How I can get the number of iterations of binary search?

This is my code:

int main() 
{
    int target = 11;
    int N = 10;
    std::vector<int> index;
    int num;

    for (int i = 0; i < N; i++) {
        index.push_back(i);
    }

    int counter = 0;
    unsigned int M, L = (unsigned int)-1, R = N;

    M = (R - L) / 2;  // Assume N is not zero

    do {
        int value;
        M = M + L;
        value = index[M];
        if (value < target) L = M; else R = M;
        M = (R - L) / 2;
        counter++;
    } while (M);  // M is the size of the current interval

    std::cout << R << '\n';
    std::cout << "counter: " << counter << '\n';

    system("pause");

    return 0;
}

I want to know the number of iterations depending on N. I know how this algorithm works but I want the number of iterations represented mathematically.

I would go for a recursive increment of by using a recursive binary search function. In each branch of the binary checks, just increment by one and that will count the iterations recursively.

See live here

#include <iostream>
#include <vector>

std::size_t binarySearch(
    const std::vector<int>& arr,        // pass array as non-modifiyable(const ref)
    std::size_t start, std::size_t end, // start and end indexes of the array
    const int target)                   // target to find
{
    if (arr.size() == 1) return arr[0] == target ? 1 : 0; // edge case

    if (start <= end)
    {
        const std::size_t mid_index = start + ((end - start) / 2);
        return arr[mid_index] == target ? 1 :                         // found the middle element
               arr[mid_index] < target ?
                 binarySearch(arr, mid_index + 1, end, target) + 1:   // target is greater than mid-element
                 binarySearch(arr, start, mid_index - 1, target) + 1; // target is less than mid-element
    }
    return 0;
}

int main()
{
    int target = 11;
    const int N = 10;
    std::vector<int> index;
    index.reserve(N); // reserve some memory
    for (int i = 0; i < N; i++) {
        index.push_back(i);
    }
    std::cout << "counter: " << binarySearch(index, 0, index.size() - 1, target) << std::endl;
    return 0;
}

Output:

counter: 4

Mathematically Maximum iteration possible (Assuming case of only integer type) is = ceil( log2 ( initial_r - initial_l ) ) base of log is 2 because every time we are diving our range in half by taking a mid and switching to one of the half.

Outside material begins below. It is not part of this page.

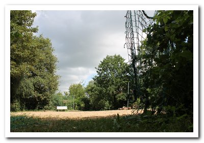 Wij lopen met een boog om de burcht heen. Je passeert het beachvolleyveld.

I have been trying to wrap my head around the logarithmic conceptualization too, and this is how I try to understand the answer

From https://en.wikipedia.org/wiki/Binary_search_algorithm

In mathematics, the binary logarithm (log₂n) is the power to which the number 2 must be raised to obtain the value n. That is, for any real number x,
x=log₂n <=equivalent to=> 2^x=n

&

Every binary tree with n leaves has height at least log₂n, with equality when n is a > power of two and the tree is a complete binary tree.

Binary search is kind of like walking down a binary search tree, and halving the nodes, and that series is a logarithmic (base 2) series _{(my own understanding, no citation, can be erroneous)}

And then from https://www.cct.lsu.edu/~sidhanti/tutorials/data_structures/page305.html

a perfect binary tree of height h has exactly 2^h+1-1 internal nodes. Conversely, the height of a perfect binary tree with n internal nodes is log₂(n+1). If we have a search tree that has the shape of a perfect binary tree, then every unsuccessful search visits exactly h+1 internal nodes, where h=log₂(n+1).

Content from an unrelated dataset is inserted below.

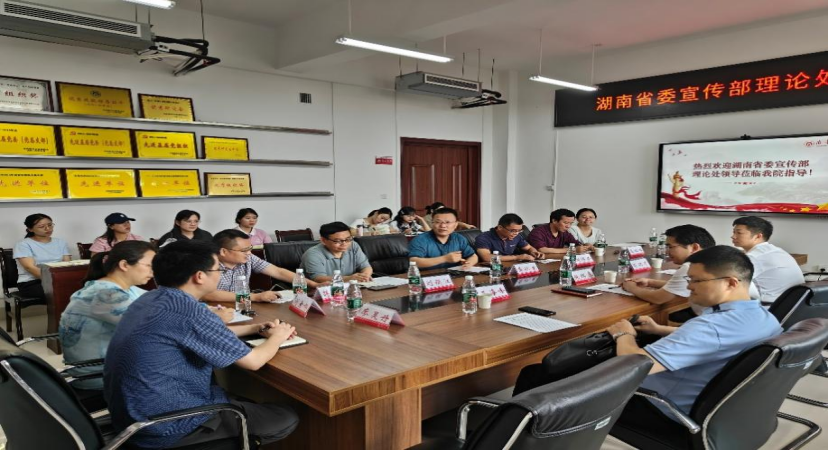 6月30日下午,湖南省委宣传部理论处处长陈瑞来、中共湖南省委党校william威廉英国官网经理王海峰、湘西州委宣传部理论科科长肖炳才一行来公司莅临调研督查,william威廉英国官网经理黄秋生、副经理谢佛荣、刘镇江教授、蒋福明副教授、高征难副教授等教师及留校研究生参加了此次调研会。

_{(again following up with my own understanding...)}
So, to reach a node N (with value N as per binary search tree?), you would make log₂(N+1) iterations (traverse that many levels down the tree) in worst case (finding is still a probability, hence "worst case" phrasing).

Dry run here (by constructing a small BST and counting manually): https://www.cs.usfca.edu/~galles/visualization/BST.html

_{(answer open for review/confirmations/corrections in phrasing/calculations too ofcourse as I am trying to consolidate different resources to reach a theory that makes sense in this context)}